The team did a good job of starting the transition to a new business model and adapting to a new way of thinking. There’s room for improvement and differing degrees of proficiency and immersion in Web3 throughout the team but we are far ahead of other studios we’ve spoken to who are making the transition from Web2 to Web3.

Web2 Sunset

Though a difficult period for the team, the sunsetting of the Web2 products was handled gracefully. The team delivered meaningful updates and events to keep players entertained for many more months. It’s never easy to shut a game down, but the team handled it about as well as could be expected.

What Needs To Change In 2023

Scoping and Balance

We ran into a difficulties this year delivering on the goals we set out for Mighty Action Heroes and the MightyNet. Both at leadership and core team level we failed to fully grasp the complexity and scale of the unknowns present in what we were embarking on. These planning failures were compounded by waves of COVID that came through Singapore in 2022, reducing the amount of manpower available at key times. We’ve always been proud of how we look out for people and have a policy of not crunching like AAA studios, but this year has seen the longest hours we’ve had to work at Mighty Bear. Though we didn’t reach AAA hours, we were not able to fully live up to our ideals.

To address this we have hires coming for key roles, changes to how planning takes place, changes at management level, and the team now has a better grasp of what we’re doing in Web3. I am confident this will improve in the new year, but it’s something we have to keep an eye on.

Culture Focus

The team has been over-reliant on me to drive company culture and make sure things like the Employee Satisfaction survey were being carried out and the learnings acted upon. This year I was overwhelmed dealing with Fundraising, Product, Team, Partnerships, Investors, and Strategy. In 2023 I will still be involved but the day-to-day will be handled by dedicated HR and the wider Leadership team. We need to right the ship and get back to focusing on making sure things are being done the right way.

Messaging around MAH (Bear Market vibes)

Mighty Action Heroes could be one of the breakout games in Web3. In 2023 we will raise the profile of the game dramatically, and give the game the following it deserves.

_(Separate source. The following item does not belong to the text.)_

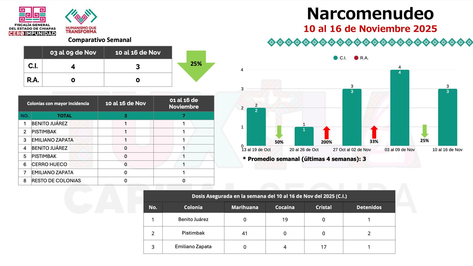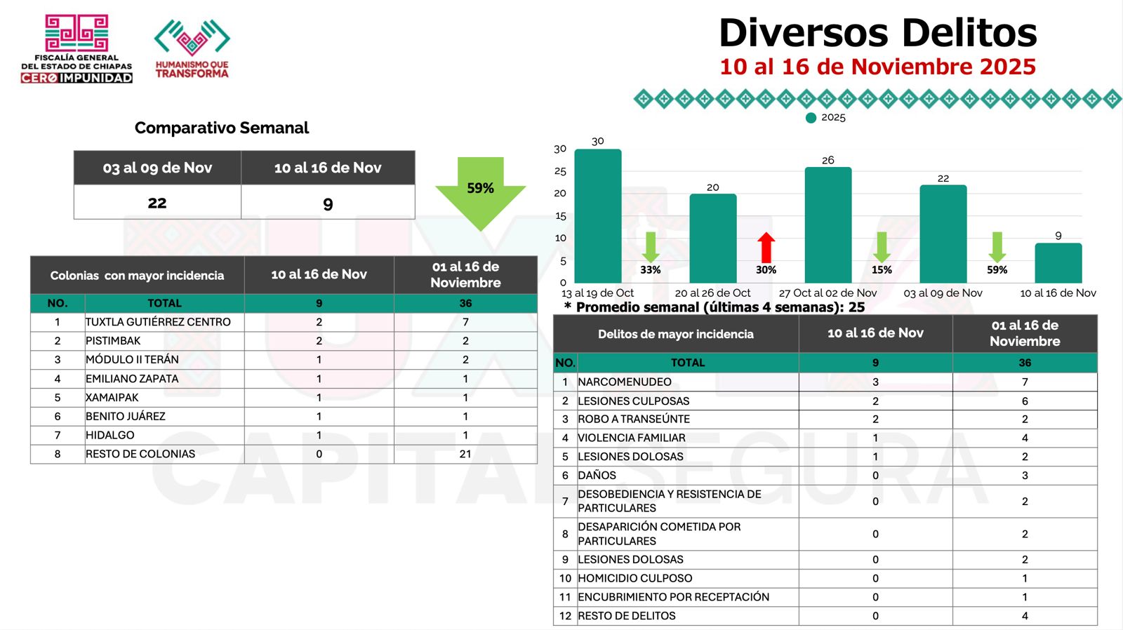 Al abordar la incidencia general durante la semana del 10 al 16 de noviembre Tuxtla Gutiérrez, el Fiscal General puntualizó que tuvo un descenso del 59 por ciento. Se iniciaron nueve carpetas de investigación, a diferencia de las 22 iniciadas la semana anterior. Los delitos más comunes fueron narcomenudeo, lesiones culposas y violencia familiar, mismos que ocurrieron principalmente en las colonias Centro, Pistimbak y Terán.

Now that we can show the game off and start getting it in people’s hands, we’re in a position where we can be aggressive with scaling and bringing players into the ecosystem.

What‘s Next

Mighty Action Heroes Launch

More content for Mighty Action Heroes is coming very soon, and the game will be in Open Alpha early next year. Excited to start getting the game in the hands of our fans and building with you all.

MightyNet Game 2

What comes after Mighty Action Heroes? We have some fun ideas we’re going to start riffing on next year. Who knows, maybe it could even be Disney Melee Mania style collab with another brand!?

Infrastructure And Tooling

Part of the reason this year has been so tough is that we were building the tools and expertise as we went along. We’ve built a pretty cool set of tools for upcoming digital collectible launches and we’re now starting to expand on it. We have an incredible roadmap of tools and new things we want to do with Digital Collectibles and we’re going to start showing this off in 2023. We might even be able to start sharing these tools and building together with other studios.

Closing Thoughts

2022 was without a doubt our most challenging year, but it was arguably also the year we grew the most both as professionals and as people. It’s been a bruising year but I feel we’ve come out of this calmer, more confident, and better equipped to deal with the challenges 2023 will throw at us.

Thank you to everyone who was a part of this journey in 2022. Be you a team member, someone who lives with a team member, a mentor, investor, business partner, supporter, and of course the members of our wonderful community. I’m tremendously grateful to be building alongside all of you. Thank you for everything you do.